HYPERSPECTRAL IMAGE-BASED WASTE MATERIAL DISCRIMINATION SYSTEM

20260011144 ยท 2026-01-08

Assignee

Inventors

Cpc classification

International classification

Abstract

The present invention relates to a hyperspectral image-based waste material discrimination system including: a hyperspectral data acquisition unit for acquiring hyperspectral data on a target object by determining an analysis region from a hyperspectral image of waste, acquired through a hyperspectral sensor; a semi-supervised learning processing model unit for generating integrated data by processing the hyperspectral data through a semi-supervised learning processing model; and a target object material discrimination unit for discriminating the material of the target object through a deep learning model on the basis of the integrated data.

Claims

1. A hyperspectral image-based waste material discrimination system, comprising: a hyperspectral data acquisition unit for acquiring hyperspectral data on a target object by determining an analysis region from a hyperspectral image of waste, acquired through a hyperspectral sensor; a semi-supervised learning processing model unit for generating integrated data by processing the hyperspectral data through a semi-supervised learning processing model; and a target object material discrimination unit for discriminating the material of the target object through a deep learning model on the basis of the integrated data.

2. The system of claim 1, wherein the hyperspectral data acquisition unit specifies the target object by considering locations of a vision camera and the hyperspectral sensor, and a moving speed and a moving distance of the waste on a conveyor belt, and determine the analysis region of the target object by excluding a portion in which the target object overlaps with other waste.

3. The system of claim 1, wherein the hyperspectral data comprises labeled data and unlabeled data, and wherein the semi-supervised learning processing model processes the labeled data and the unlabeled data through a principal component analysis network.

4. The system of claim 3, wherein the hyperspectral data comprises spatial information and spectral information; and wherein the semi-supervised learning processing model unit generates the integrated data by integrating respective results obtained after training each of the spatial information and the spectral information through the semi-supervised learning processing model.

5. The system of claim 3, wherein the deep learning model uses one or more of a convolutional neural network (CNN) and a recurrent neural network (RNN).

6. The system of claim 1, wherein the hyperspectral sensor uses near infrared (NIR) or shortwave infrared (SWIR) wavelengths.

Description

BRIEF DESCRIPTION OF THE DRAWINGS

[0022] FIG. 1 is a block diagram illustrating a hyperspectral image-based waste material discrimination system according to an embodiment of the present invention.

[0023] FIG. 2 is an exemplary diagram illustrating a hyperspectral data acquisition unit specifying a target object according to an embodiment of the present invention.

[0024] FIG. 3 is an exemplary diagram illustrating a hyperspectral data acquisition unit determining an analysis region of a target object according to an embodiment of the present invention.

[0025] FIG. 4 is a graph illustrating the normalized near-infrared reflectance spectrum by type of plastic.

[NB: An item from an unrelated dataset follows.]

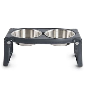 — Ideal para uso diário ou para viagens: toda a unidade se dobra e se dobra até 2,75 polegadas de altura para facilitar o armazenamento. Para dobrar, remova as tigelas, a parte inferior das pernas e, em seguida, aperte o botão de liberação para dobrar as pernas para dentro.

[0026] FIG. 5 is a diagram illustrating a semi-supervised learning processing model according to an embodiment of the present invention.

[0027] FIG. 6 is a diagram illustrating a semi-supervised learning processing model unit generating integrated data according to an embodiment of the present invention.

DETAILED DESCRIPTION

[0028] In the present specification, in adding reference numerals for elements in each drawing, it should be noted that like reference numerals already used to denote like elements in other drawings are used for elements wherever possible.

[0029] The terms described in the present specification should be understood as follows.

[0030] The singular forms are intended to include the plural forms as well, unless the context clearly indicates otherwise, and the scope of right should not be limited by these terms.

[0031] It should be understood that the terms comprise or have do not preclude the presence or addition of one or more other features, integers, steps, operations, components, elements, or combinations thereof.

[0032] As used herein, the term waste includes plastics, PET bottles, glass bottles, glass, paper, Styrofoam, general waste, and industrial waste.

[0033] Hereinafter, preferred embodiments of the present invention designed to solve the tasks will be described in detail with reference to the accompanying drawings.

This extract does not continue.